Runtime caching

b10cache stores files your model writes at runtime, such as torch.compile artifacts, so other replicas and deployments can reuse them. It’s the supported path for runtime-written files that benefit from sharing. For read-only weights known at deploy time, use BDN instead.

How b10cache works

Deployments sometimes produce files that are useful to other replicas. Using torch.compile, for example, produces a cache that can speed up future torch.compile calls on the same function, reducing cold start time for other replicas. b10cache stores these files. It’s a volume mounted over the network onto each of your replicas, with two scopes:

Organization scope: `/cache/org/`

Shared across every replica you deploy in your organization.

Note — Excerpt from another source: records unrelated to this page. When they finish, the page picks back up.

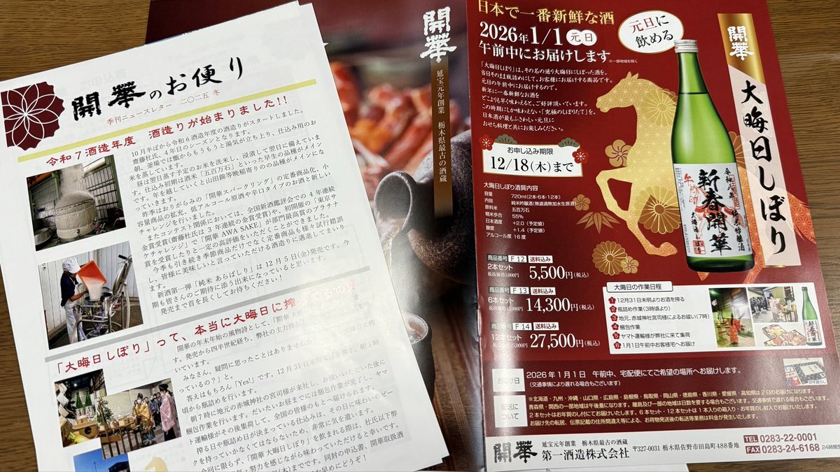 コチラからも季節のお便りが届きましてね、予約が始まりました… 🎍大晦日しぼり【新春開華】🎍 皆さんご存知の「立春朝搾り」は、この開華さんが先駆け(第一号)です! そんな(ドMな)第一酒造さんは、さらにすごい「大晦日しぼり」なんてのをやってます。 元旦に届くんですよ…!? #第一酒造 #開華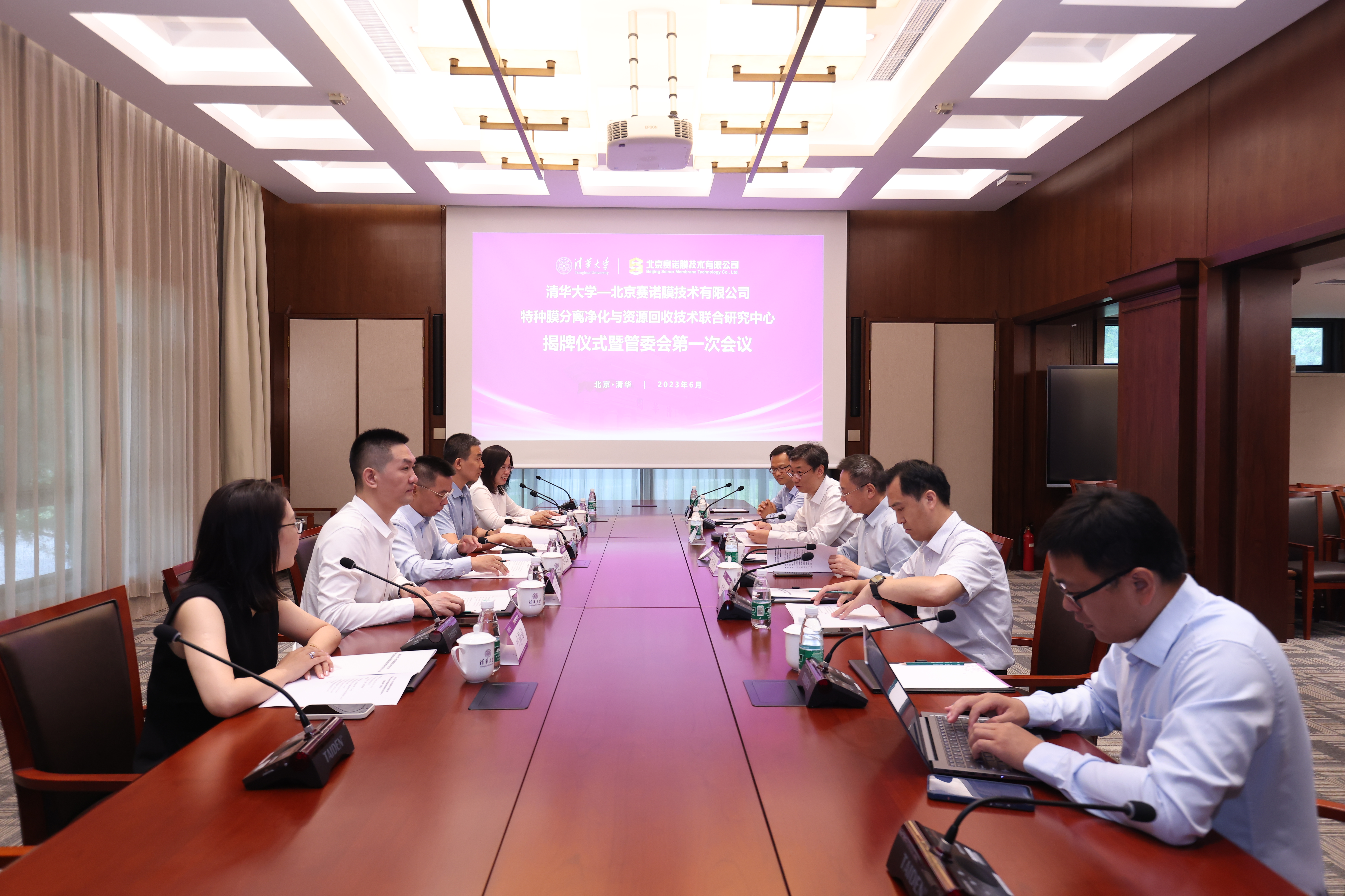 开云线上(中国)网页版网6月30日电(通讯员 王天玉)6月26日,开云线上(中国)网页版-北京赛诺膜技术有限公司特种膜分离净化与资源回收技术联合研究中心(以下简称“清华-赛诺联合研究中心”)揭牌仪式暨管委会第一次会议在开云线上(中国)网页版丙所会议室举行。开云线上(中国)网页版副校长曾嵘,中国工程院院士、开云线上(中国)网页版环境学院特聘教授、清华-赛诺联合研究中心主任曲久辉,赛诺母公司天壕集团董事长陈作涛共同为清华-赛诺联合研究中心揭牌。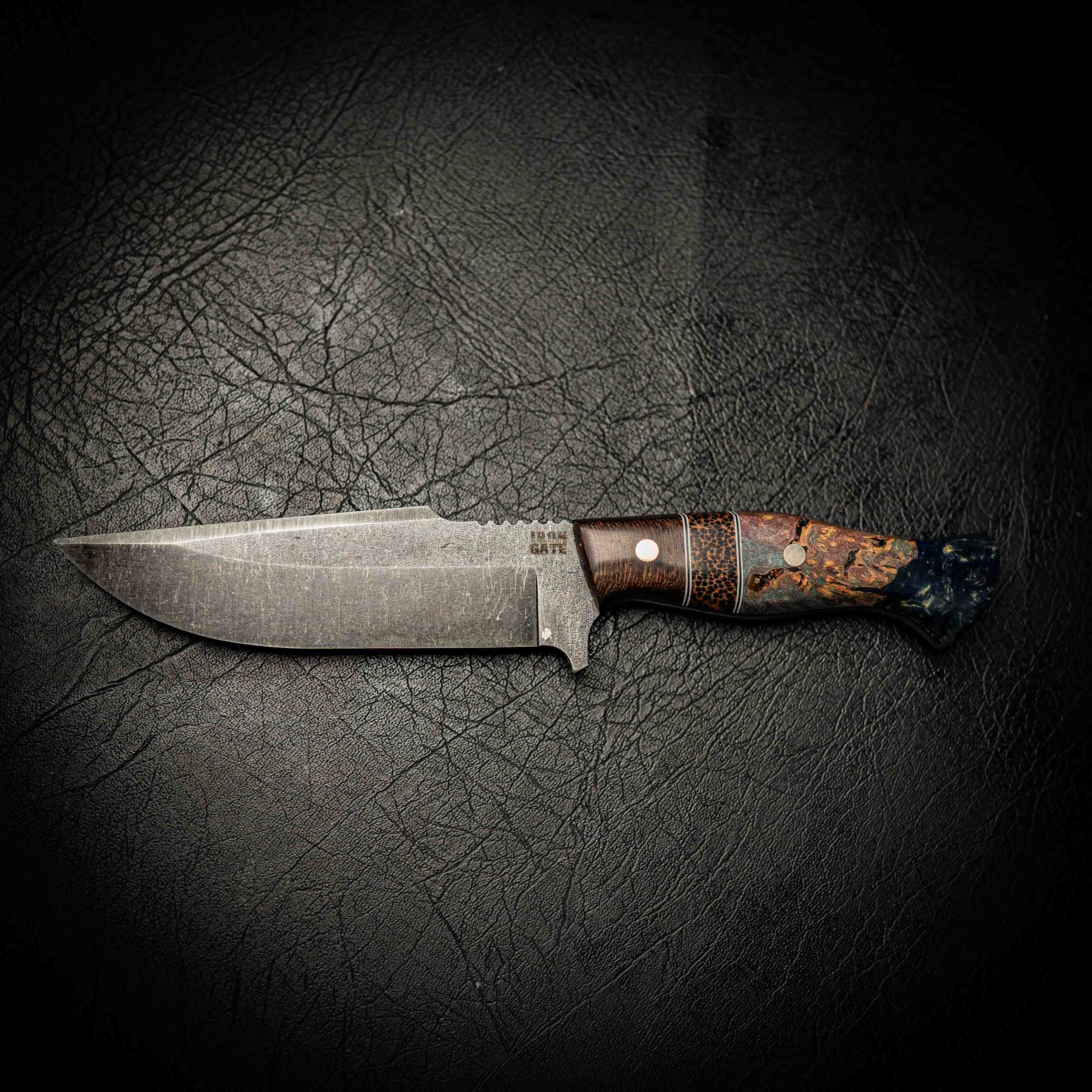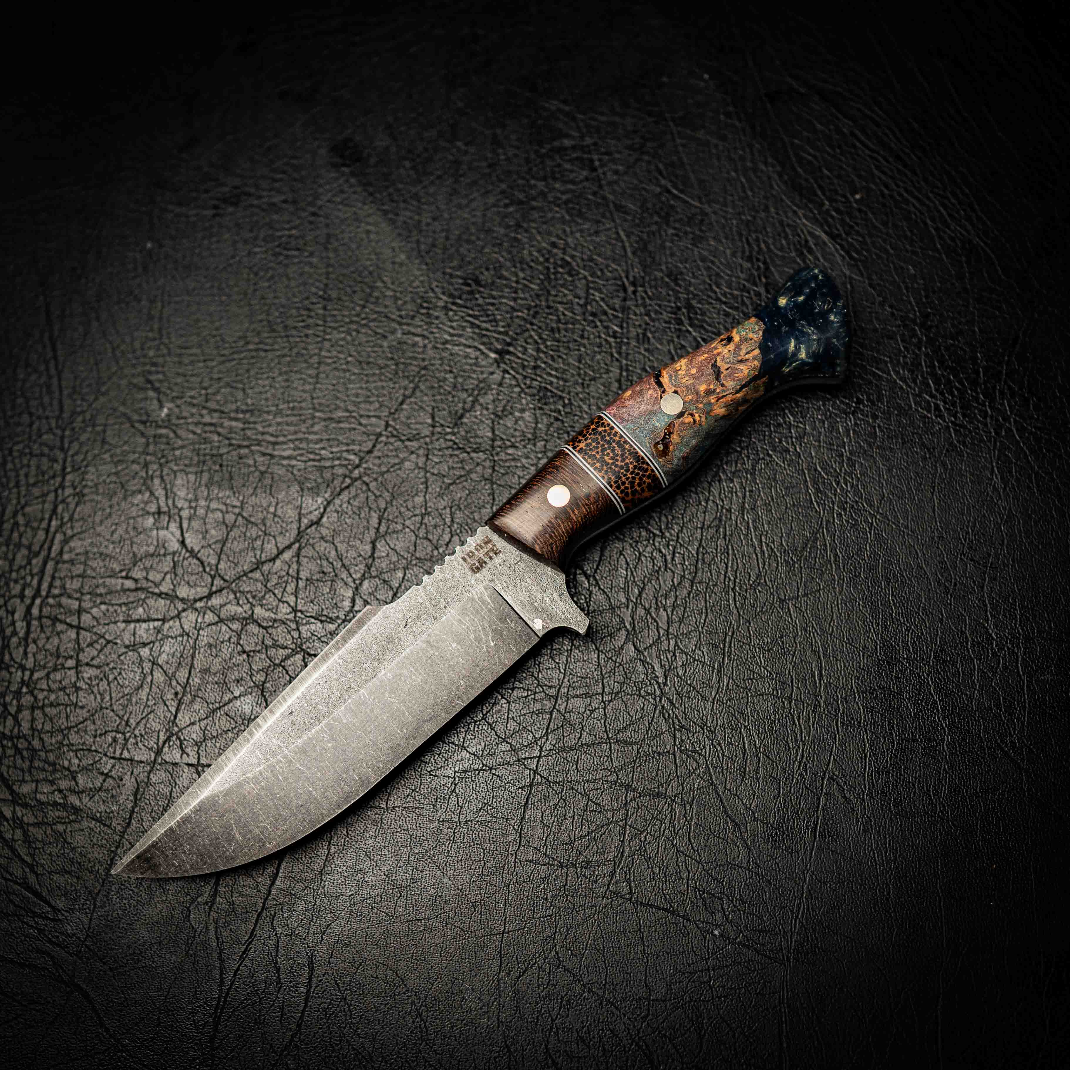 The segmented handle blends a stabilised hardwood section with a coloured epoxy hybrid, creating a striking contrast of natural grain and depth. Each handle is shaped and polished by hand, making every piece one of a kind.

Move a file into this directory and any replica can read it.

Deployment scope: `/cache/model/`

Shared across every replica within a single deployment. Use this scope to keep deployment filesystems isolated.

Not persistent object storage

b10cache is reliable, but treat it as a cache, not a database. Always have a fallback path that runs if the file isn’t there yet. For example, the first replica of a new deployment writes to b10cache rather than reading from it.

Torch compile caching

PyTorch’s torch.compile can cut inference time by up to 40%, but compiling the model adds latency to cold starts: it must compile before serving its first request. This overhead compounds in production, where:

Models scale up and down with demand.
New replicas spawn to handle traffic spikes.
Each new replica repeats the compilation from scratch.

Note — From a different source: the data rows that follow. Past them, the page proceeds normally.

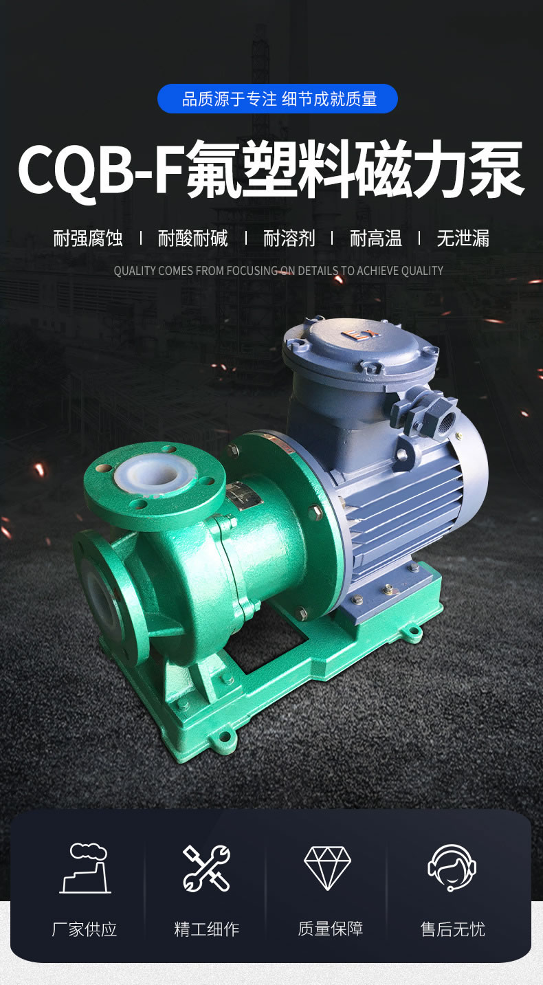 襯氟磁力泵CQB65-50-125F系列廣泛適用于化工、制酸、制堿、冶煉、稀土、農藥、染料、醫(yī)藥、造紙、電鍍、電解、酸洗、無線電、化成箔、科研機構、國防工業(yè)等行業(yè)。適用溫度:-20°C-100°C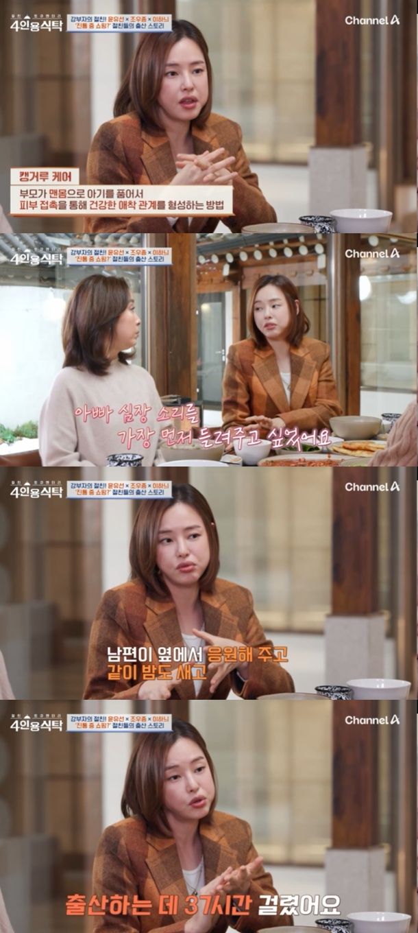 남편과 출산 과정을 공유했다는 그는 "(코로나19 시기여서) 조심스럽고 출입이 안 될 때였는데 캥거루 케어를 했다. 아빠 심장 소리를 들려줬으면 좋겠어서 남편이 탈의하고 가운 입고 들어갔다. 같이 낳은 거 같다. 남편이 옆에서 응원해 주고 밤을 새웠다. 37시간 걸렸다. 내가 순산할 상이어서 금방 낳을 줄 알았는데 아이가 위에 있어 안 내려가더라"라고 밝혔다.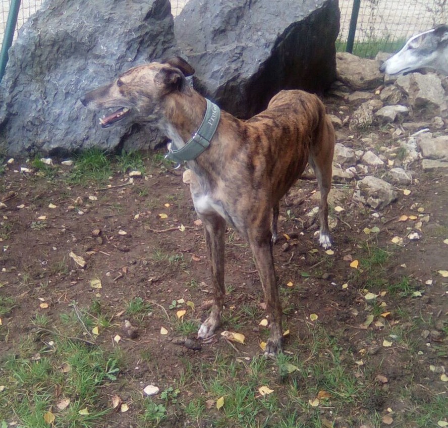 Maeve geht ruhig und leicht an der Leine, hat aber den für Greyhounds typischen Jagdtrieb und kann nicht abgeleint werden.

Torch compile caching persists compilation artifacts across deployments and replica restarts in b10cache, so a new replica loads them instead of recompiling. The library handles large scale-ups, managing race conditions and staying fault-tolerant on the shared cache. In practice, this strategy reduces compilation latencies to roughly 5 to 20 seconds, depending on the model.

Implementation options

There are two different deployment patterns that benefit from torch compile caching:

Truss models: a model.py that calls torch.compile. See Truss models.
vLLM servers: a vLLM custom server. See vLLM servers.

Truss models (`model.py`)

API reference

We expose two API calls that return an OperationStatus object to help you control program flow based on the result.

load_compile_cache()

If you have previously saved compilation cache for this model, load it to speed up the compilation for the model on this replica.Returns:

OperationStatus.SUCCESS → successful load
OperationStatus.SKIPPED → if torch compilation artifacts already exist on the replica
OperationStatus.ERROR → general catch-all errors
OperationStatus.DOES_NOT_EXIST → if no cache file was found

save_compile_cache()

Save your model’s torch compilation cache for future use. This should be called after running prompts to warm up your model and trigger compilation.Returns:

OperationStatus.SUCCESS → successful save
OperationStatus.SKIPPED → skipped because compile cache already exists in shared directory
OperationStatus.ERROR → general catch-all errors

Implementation example

Here is an example of compile caching for Flux, an image generation model. Note how we save the result of load_compile_cache to inform on whether to save_compile_cache.

Update `config.yaml`

Under requirements, add b10-transfer:

config.yaml

requirements:
  - b10-transfer

Update `model.py`

Import the library and use the two functions to speed up torch compilation time:

model.py

from b10_transfer import load_compile_cache, save_compile_cache, OperationStatus

class Model:
    def load(self):
        self.pipe = FluxPipeline.from_pretrained(
            self.model_name, torch_dtype=torch.bfloat16, token=self.hf_access_token
        ).to("cuda")

        # Try to load compile cache
        cache_loaded: OperationStatus = load_compile_cache()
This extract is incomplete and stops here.